Après près d’un demi-siècle de progrès supposés dans les relations raciales aux États-Unis, les modestes améliorations des écarts de réussite depuis 1965 ne peuvent qu’être qualifiées d’embarras national. Autrement dit, si nous continuons à combler les écarts au même rythme à l’avenir, il faudra environ deux siècles et demi avant que l’écart mathématique noir-blanc ne se referme et plus d’un siècle et demi jusqu’à ce que l’écart de lecture se referme. Si l’on s’attendait à ce que  » l’égalité des chances en matière d’éducation » mobilise les ressources des écoles du pays dans la poursuite de l’équité raciale, elle n’a sans doute pas atteint son objectif. Il n’a pas non plus augmenté le niveau global de performance des élèves du secondaire à la veille de leur diplôme, malgré l’augmentation considérable des ressources qui seront consacrées à l’éducation au cours des cinq décennies suivantes (voir figures 2, 3 et 4).

Coleman a fait état d’une grande disparité des ressources scolaires d’une partie des États-Unis à l’autre, le Sud étant loin derrière le Nord-Est. Mais, à l’intérieur des régions, les différences raciales dans les ressources disponibles étaient modestes. Bien qu’il soit difficile de faire des comparaisons précises entre l’époque et aujourd’hui, les disparités régionales et raciales d’aujourd’hui dans les intrants éducatifs sont probablement assez similaires à celles rapportées par Coleman en 1966.

Ces résultats descriptifs globaux peuvent être considérés comme donnés, sans s’interroger sur la méthodologie statistique. Mais en fouillant dans les mauvaises herbes du rapport Coleman, il est évident que l’analyse de ce qui détermine la réussite laisse beaucoup à désirer. L’analyse présente deux défauts majeurs. Premièrement, il tente d’évaluer les facteurs qui déterminent les différences observées dans le rendement des élèves, mais il fait un mauvais travail. Deuxièmement, l’approche ne fournit pas de directives claires sur la manière d’améliorer les résultats.

En termes simples, la procédure statistique du rapport Coleman repose sur une approche problématique d’analyse par étapes de la variance, qui formule des hypothèses solides sur les facteurs qui sont des causes fondamentales de réalisation et ceux qui ont une importance secondaire. Coleman a supposé que les influences familiales venaient en premier et que les facteurs scolaires ne devaient être introduits dans l’analyse qu’après que tous les effets pouvant être attribués à la famille aient été identifiés. Par conséquent, la première étape de l’analyse statistique évalue dans quelle mesure la variation des résultats d’une école à l’autre peut être attribuée aux variations des facteurs liés aux antécédents familiaux. Ce n’est qu’une fois que ces facteurs de fond sont entièrement pris en compte que la deuxième étape est franchie — un examen des caractéristiques des écoles qui font la plus grande différence pour déterminer la variation du rendement des élèves.

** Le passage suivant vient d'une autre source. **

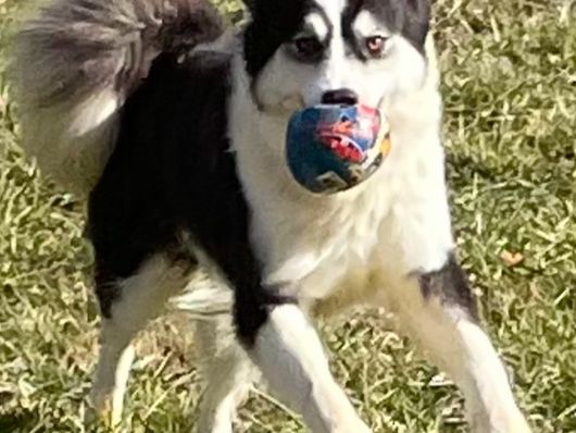 Wolverine is an import from Russia. He is Sable and White in color. Wolverine is very affectionate and seldom barks.
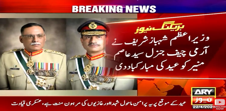 اسلام آباد: وزیراعظم شہبازشریف نے سروسزچیفس کو عید کی مبارکباد دی ہے۔
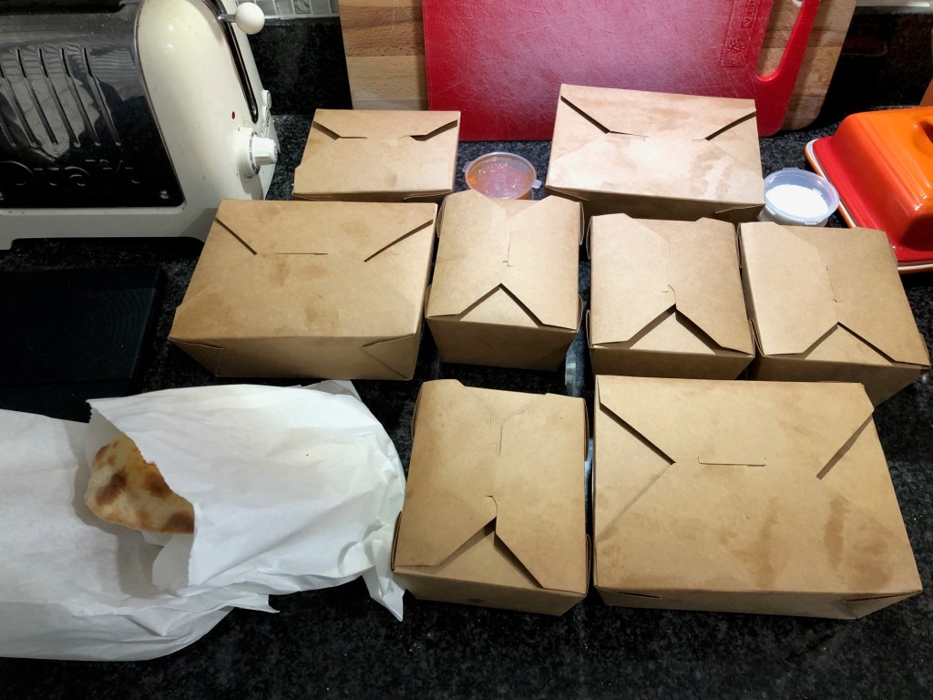 Everything was in recyclable cardboard boxes, and the attention to detail was spot on – everything that was meant to be hot was, and everything that was meant to arrive chilled had survived  the journey without warming up. We decanted some of it onto dinner plates and took the rest through to the living room to be divvied up when we’d cleared enough space.
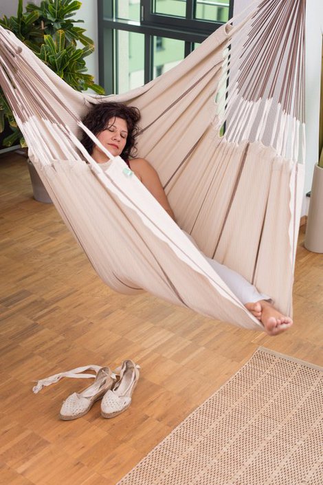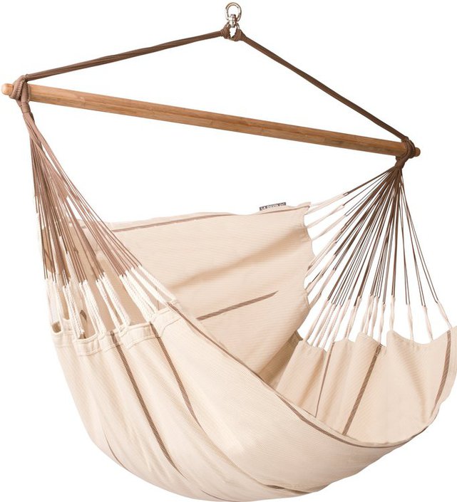 In de Habana Lounger hangstoel van La Siesta is het mogelijk om met meerdere personen lekker te relaxen. Uiteraard kunt u ook in uw eentje helemaal wegkruipen in de hangstoel en genieten van het mooie weer of een goed boek. De Habana Lounger familiehangstoel heeft een maximaal draagvermogen van 160 kilogram. Doordat de Habana vervaardigd is van honderd procent organisch katoen beschikt u met deze hangstoel over een milieuvriendelijke hangstoel. Daarnaast is dit model geproduceerd op basis van strenge ecologische en sociale eisen waardoor u zeker weet dat dit een fair product is. Minimale ophanghoogte is: 220 cm.
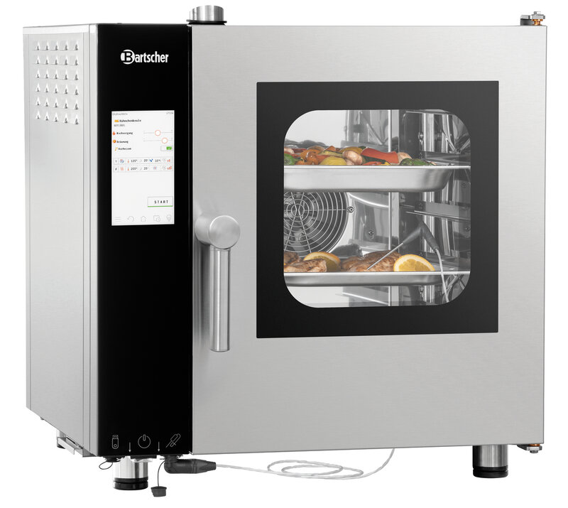 De ideale partner in iedere keuken: Bartscher combisteamer met 5 roosters in het 2/3 GN formaat. Met of zonder kerntemperatuurvoeler - de elektronische bediening maakt een op behoeften gebaseerde regeling van alle gaarprocessen mogelijk. Met de rack-controlefunctie kunnen verschillende gerechten met verschillende tijden worden bereid. Een geruststelling, waarbij de Silverstream2 alles voor u in het zicht heeft.

Cette approche privilégie le contexte familial sur tous les indicateurs des ressources scolaires ou des relations de groupe de pairs, car elle attribue implicitement toute variation partagée aux variables incluses dans la première étape de la modélisation par étapes. Par exemple, si l’éducation des parents et l’expérience des enseignants sont toutes deux fortement liées à la réussite, et que les enfants de familles mieux éduquées fréquentent des écoles avec des enseignants plus expérimentés, il semblerait que l’expérience des enseignants ait peu d’effet alors que l’effet de l’éducation des parents est amplifié. La première étape, en examinant uniquement la relation entre les résultats et l’éducation parentale, intègre en fait à la fois l’effet direct de l’éducation parentale sur les résultats et l’effet indirect des enseignants plus expérimentés dans leurs écoles. Lorsque l’analyse en arrive au point d’ajouter l’expérience de l’enseignant à l’explication de la réussite, le seul impact marginal viendra de la partie de la variation de l’expérience qui n’est totalement pas liée aux antécédents familiaux.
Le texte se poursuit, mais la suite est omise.